The resume pops the head. If a second pause
request arrives while the first is in flight
(e.g. from a second remove_ns
call for a different namespace), the second
pause is queued behind the first. The first
pause's callback fires when
io_outstanding drains. The second
pause's callback never fires because the first
pause's removal of the namespace already
dropped the io_outstanding for the second
namespace. The state-change context is
orphaned. The TAILQ is corrupted. Subsequent
pause requests hang. The fix is to drain the
TAILQ on every callback, regardless of which
pause was satisfied.
7. The cleanup-marker race
The diskengine-side cleanup marker at
/var/vmengine/vms/<vmID>/DISKENGINE_CLEANUP
is set on API stop and removed on successful
detach. If the detach hangs, the marker stays.
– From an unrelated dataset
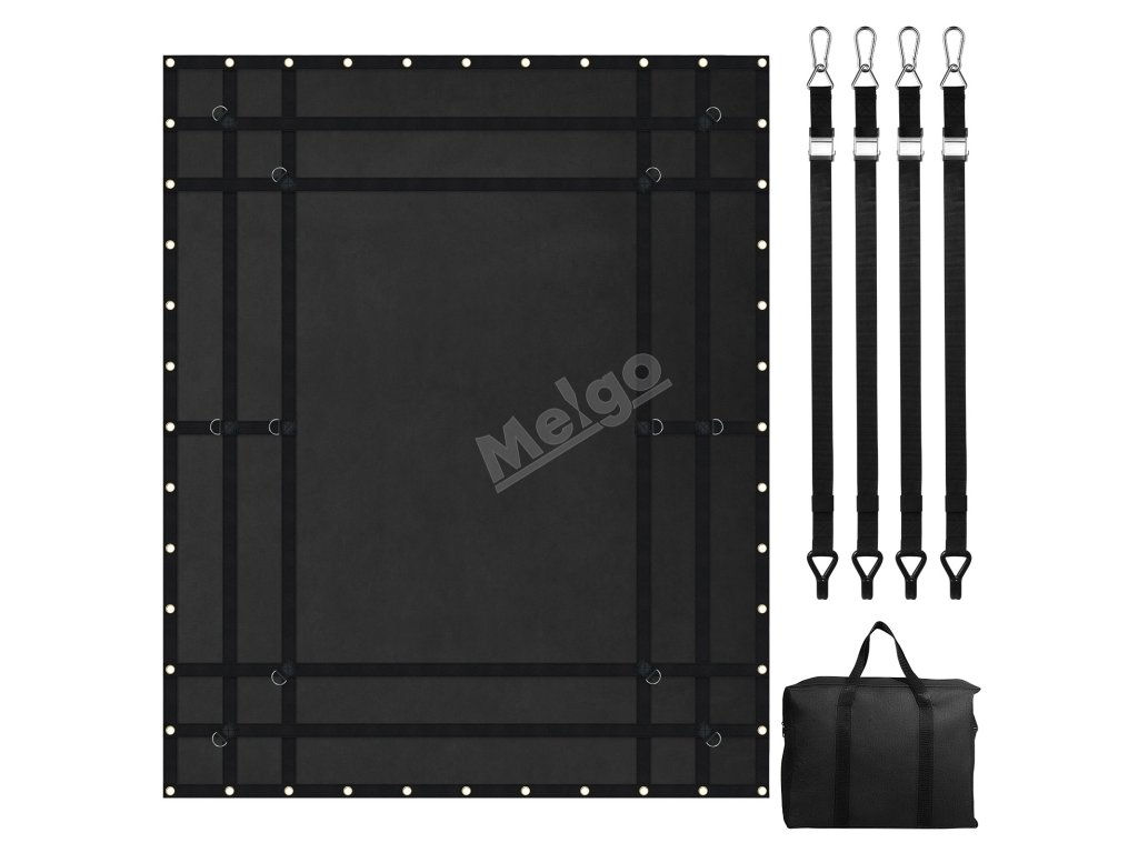 | Materiál | Tkanina potažená PVC + PP popruh + nerezové D-kroužky 12 ks + měděné průchodky 44 ks |

The vmengine side checks for the marker before
re-launching QEMU. If the marker is present,
vmengine doesn't launch QEMU. The VM is stuck
in STOPPED until diskengine
cleans up. If diskengine is stuck on the
remove_ns, the marker never goes away, the VM
never relaunches, the user has to manually
remove the marker file. This is the
"secondary" wedge that the incident report
describes: the primary wedge is in SPDK; the
secondary is in diskengine's state
reconciliation.
Why it matters
The QMP quit wedge is the canonical example of why the threading rules exist. Every step of the teardown is a separate actor that assumes the previous step will eventually complete. The pause assumes the bdev_io will eventually complete. The bdev_io assumes the bdev will eventually complete. The bdev assumes the underlying device will eventually complete. The underlying device assumes the guest will eventually issue a completion. The guest is dead. The chain of assumptions breaks.
The fix is to make the chain robust to termination. Every step needs a deadline. Every wait needs a timeout. Every state transition needs a fallback. The three-part fix (per-bdev_io timeout, JSON-RPC deadline, force-cleanup RPC) is the minimal set of changes to make the teardown sequence complete, even when one of the actors misbehaves.
If you only have time to fix one thing, fix the per-bdev_io timeout. That's the bottom of the chain. Everything else can hang; the timeout will eventually unstick it.